Anonymous Monk has asked for the wisdom of the Perl Monks concerning the following question:

I've beaten my head against the wall trying to get XML::Parser to chop up my file in the right way. XML::Parser seems to be a good tool for the job since I need to use the Stream mode and it is already installed.

When trying to parse this file
<?xml version="1.0" encoding="UTF-8"?> <web property="perl.com" id="12345" date="2004-07-29"> <level> <page name="dodo bird"/> <page name="camel"/> </level> <content> <file type="text/*" number="123" bytes="654322"/> <file type="image/*" number="23" bytes="7654322"/> </content> <user> <Product> <Name>Product1</Name> <Quantity>1</Quantity> </Product> <Product> <Name>Product2</Name> <Quantity>1</Quantity> </Product> </user> </web>


I'm having issues coercing the structure into a record that I can easily output. For example, I'd like to have a record like $data{ $id }->{level}->{page}->{name} where name contains both "dodo bird" and "camel"
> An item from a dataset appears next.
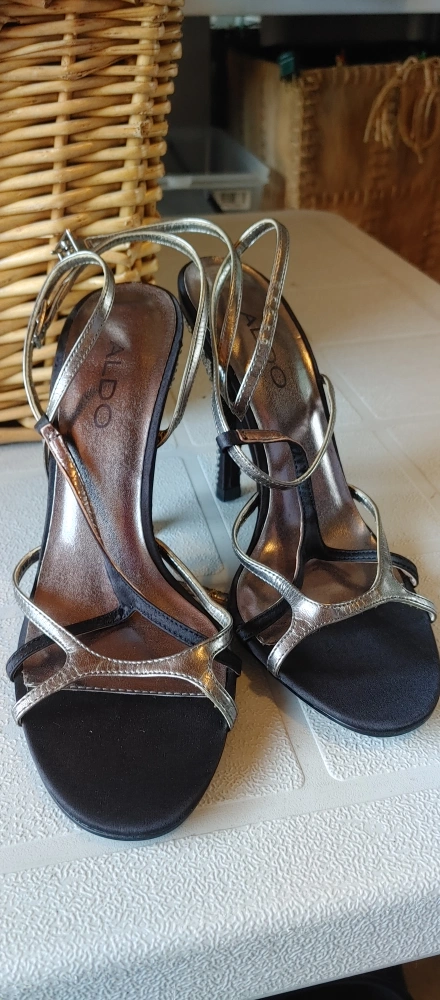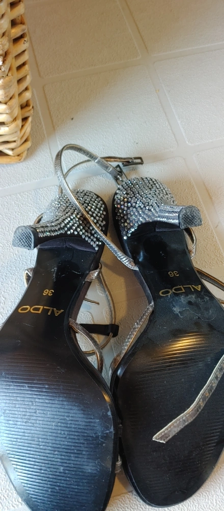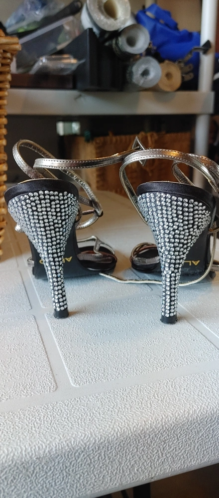 Selling a pair of ALDO heels in size 6. They are silver and black with rhinestone detail on the heel. Great for a night out!

I've read the tutorial here and that method works well when there are not multiple elements with the same name. It doesn't work well with this exampel

You know when you're trying to think of a movie star's name...and you just can't seem to come up with it? Such is my pain. Any advice is appreciated.

Anon Monk

Replies are listed 'Best First'.
Re: XML Parsing Woes
by davorg (Chancellor) on Aug 05, 2004 at 14:24 UTC

    If you're trying to build a data structure, then why not use XML::Parser in Tree mode (or XML::Simple). This will give you a data structure that models the XML document and your problem then becomes converting one Perl data structure into another.

    --
    <http://www.dave.org.uk>

    "The first rule of Perl club is you do not talk about Perl club."
    -- Chip Salzenberg

      I actually gave both of those recommendations a try and then quickly realized that the memory footprint would be far too high. The files I'm going to be parsing are on the order of 500MB.
        Then you probably want XML::Twig, which allows you to trigger on just a part of the tree as needed, while the parsing is happening.
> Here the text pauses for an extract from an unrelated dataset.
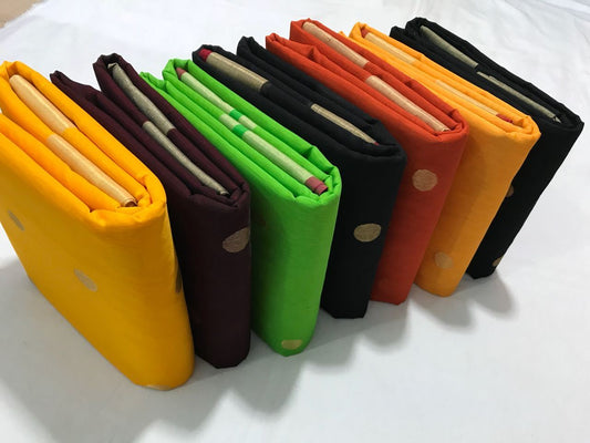 Yellow with Orange Dot Zari Border Chanderi Silk Saree

        But I am confused. You say you want a data structure, yet when you've created such a data structure, you get more than you want. You'll need to decide exactly what you want!

        Or maybe you can build the data structure using DBM::Deep, which keeps most of it out on disk instead of in memory.

        -- Randal L. Schwartz, Perl hacker
        Be sure to read my standard disclaimer if this is a reply.